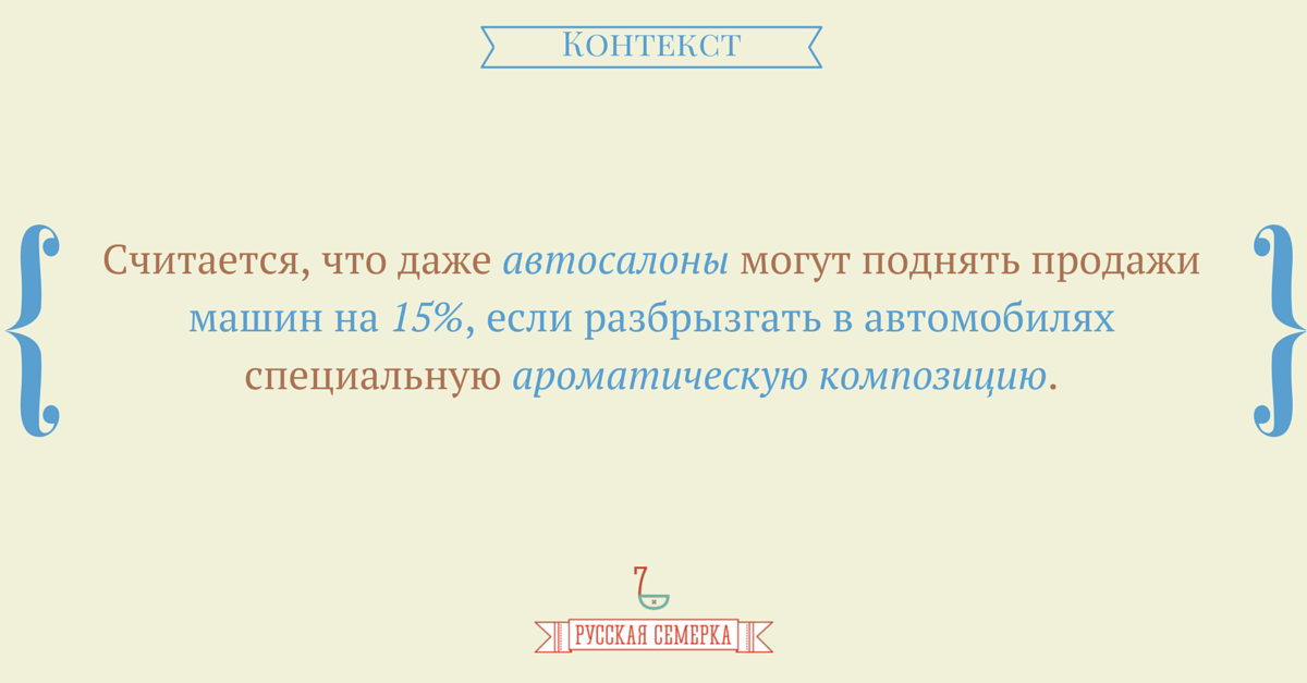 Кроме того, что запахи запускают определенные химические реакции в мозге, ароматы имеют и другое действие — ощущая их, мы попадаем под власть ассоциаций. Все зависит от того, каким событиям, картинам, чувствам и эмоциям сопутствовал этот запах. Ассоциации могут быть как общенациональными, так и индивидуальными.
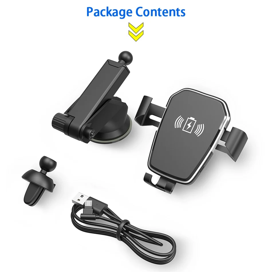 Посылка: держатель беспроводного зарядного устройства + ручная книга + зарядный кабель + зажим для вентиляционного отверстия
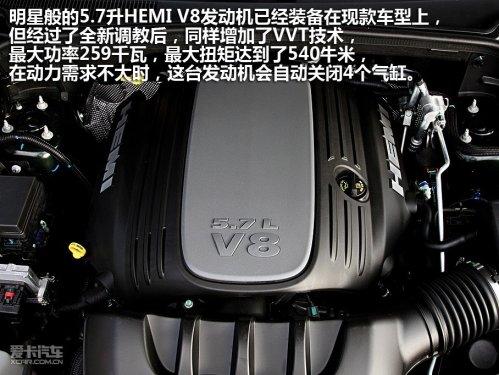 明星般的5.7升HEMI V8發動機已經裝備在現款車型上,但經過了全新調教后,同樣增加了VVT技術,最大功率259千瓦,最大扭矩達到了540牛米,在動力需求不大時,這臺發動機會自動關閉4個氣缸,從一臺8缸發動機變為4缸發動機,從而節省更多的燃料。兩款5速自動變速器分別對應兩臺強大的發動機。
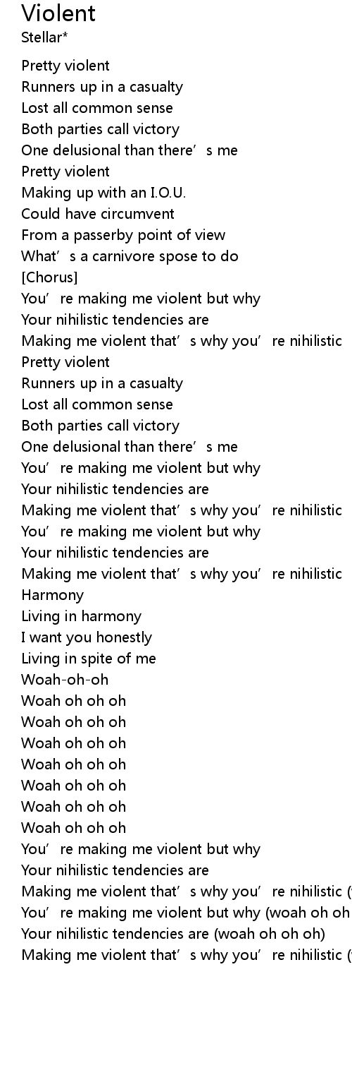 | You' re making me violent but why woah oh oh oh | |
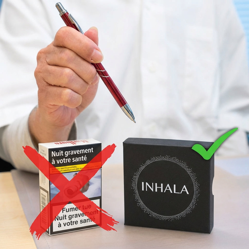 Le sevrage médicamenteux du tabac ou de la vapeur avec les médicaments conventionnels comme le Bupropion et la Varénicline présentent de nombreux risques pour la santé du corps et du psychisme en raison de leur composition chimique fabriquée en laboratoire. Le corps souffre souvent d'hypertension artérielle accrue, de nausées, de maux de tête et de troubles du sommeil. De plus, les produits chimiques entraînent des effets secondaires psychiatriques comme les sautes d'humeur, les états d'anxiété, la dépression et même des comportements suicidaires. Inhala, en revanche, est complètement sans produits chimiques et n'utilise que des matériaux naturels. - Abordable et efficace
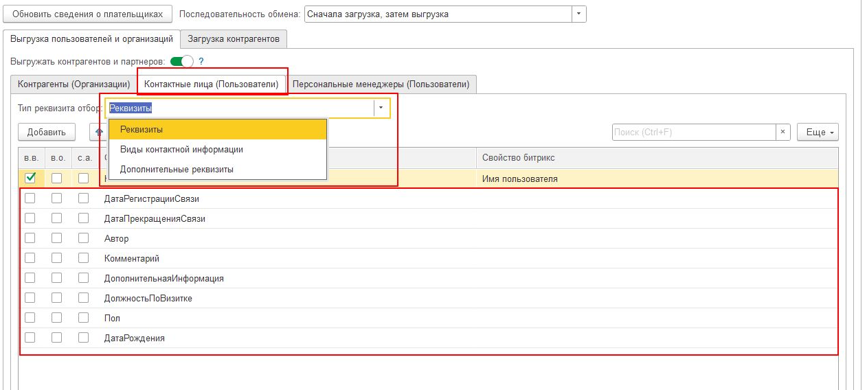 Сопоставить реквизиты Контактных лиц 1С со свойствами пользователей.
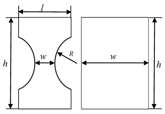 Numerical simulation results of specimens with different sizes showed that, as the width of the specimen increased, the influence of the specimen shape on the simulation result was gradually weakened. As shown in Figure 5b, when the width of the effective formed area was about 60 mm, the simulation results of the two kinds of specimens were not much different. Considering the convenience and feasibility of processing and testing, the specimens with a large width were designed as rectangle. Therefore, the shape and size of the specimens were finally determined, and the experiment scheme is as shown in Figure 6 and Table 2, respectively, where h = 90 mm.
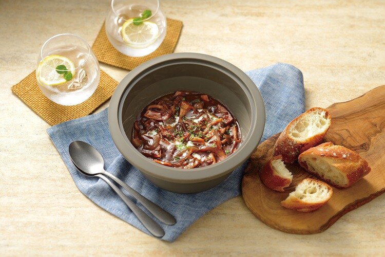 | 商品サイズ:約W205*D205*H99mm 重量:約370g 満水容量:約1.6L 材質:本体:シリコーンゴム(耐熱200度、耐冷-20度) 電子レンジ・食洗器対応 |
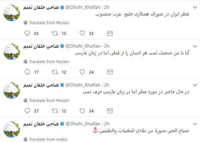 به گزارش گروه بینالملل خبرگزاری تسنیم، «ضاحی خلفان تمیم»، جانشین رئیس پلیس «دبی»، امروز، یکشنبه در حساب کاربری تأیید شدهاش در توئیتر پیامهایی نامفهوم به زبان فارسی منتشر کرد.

**Prompt**
Copy out all the data above exactly as written. Skip the pictures.

**Answer box**
 Кроме того, что запахи запускают определенные химические реакции в мозге, ароматы имеют и другое действие — ощущая их, мы попадаем под власть ассоциаций. Все зависит от того, каким событиям, картинам, чувствам и эмоциям сопутствовал этот запах. Ассоциации могут быть как общенациональными, так и индивидуальными.
 Посылка: держатель беспроводного зарядного устройства + ручная книга + зарядный кабель + зажим для вентиляционного отверстия
 明星般的5.7升HEMI V8發動機已經裝備在現款車型上,但經過了全新調教后,同樣增加了VVT技術,最大功率259千瓦,最大扭矩達到了540牛米,在動力需求不大時,這臺發動機會自動關閉4個氣缸,從一臺8缸發動機變為4缸發動機,從而節省更多的燃料。兩款5速自動變速器分別對應兩臺強大的發動機。
 | You' re making me violent but why woah oh oh oh | |
 Le sevrage médicamenteux du tabac ou de la vapeur avec les médicaments conventionnels comme le Bupropion et la Varénicline présentent de nombreux risques pour la santé du corps et du psychisme en raison de leur composition chimique fabriquée en laboratoire. Le corps souffre souvent d'hypertension artérielle accrue, de nausées, de maux de tête et de troubles du sommeil. De plus, les produits chimiques entraînent des effets secondaires psychiatriques comme les sautes d'humeur, les états d'anxiété, la dépression et même des comportements suicidaires. Inhala, en revanche, est complètement sans produits chimiques et n'utilise que des matériaux naturels. - Abordable et efficace
 Сопоставить реквизиты Контактных лиц 1С со свойствами пользователей.
 Numerical simulation results of specimens with different sizes showed that, as the width of the specimen increased, the influence of the specimen shape on the simulation result was gradually weakened. As shown in Figure 5b, when the width of the effective formed area was about 60 mm, the simulation results of the two kinds of specimens were not much different. Considering the convenience and feasibility of processing and testing, the specimens with a large width were designed as rectangle. Therefore, the shape and size of the specimens were finally determined, and the experiment scheme is as shown in Figure 6 and Table 2, respectively, where h = 90 mm.
 | 商品サイズ:約W205*D205*H99mm 重量:約370g 満水容量:約1.6L 材質:本体:シリコーンゴム(耐熱200度、耐冷-20度) 電子レンジ・食洗器対応 |
 به گزارش گروه بینالملل خبرگزاری تسنیم، «ضاحی خلفان تمیم»، جانشین رئیس پلیس «دبی»، امروز، یکشنبه در حساب کاربری تأیید شدهاش در توئیتر پیامهایی نامفهوم به زبان فارسی منتشر کرد.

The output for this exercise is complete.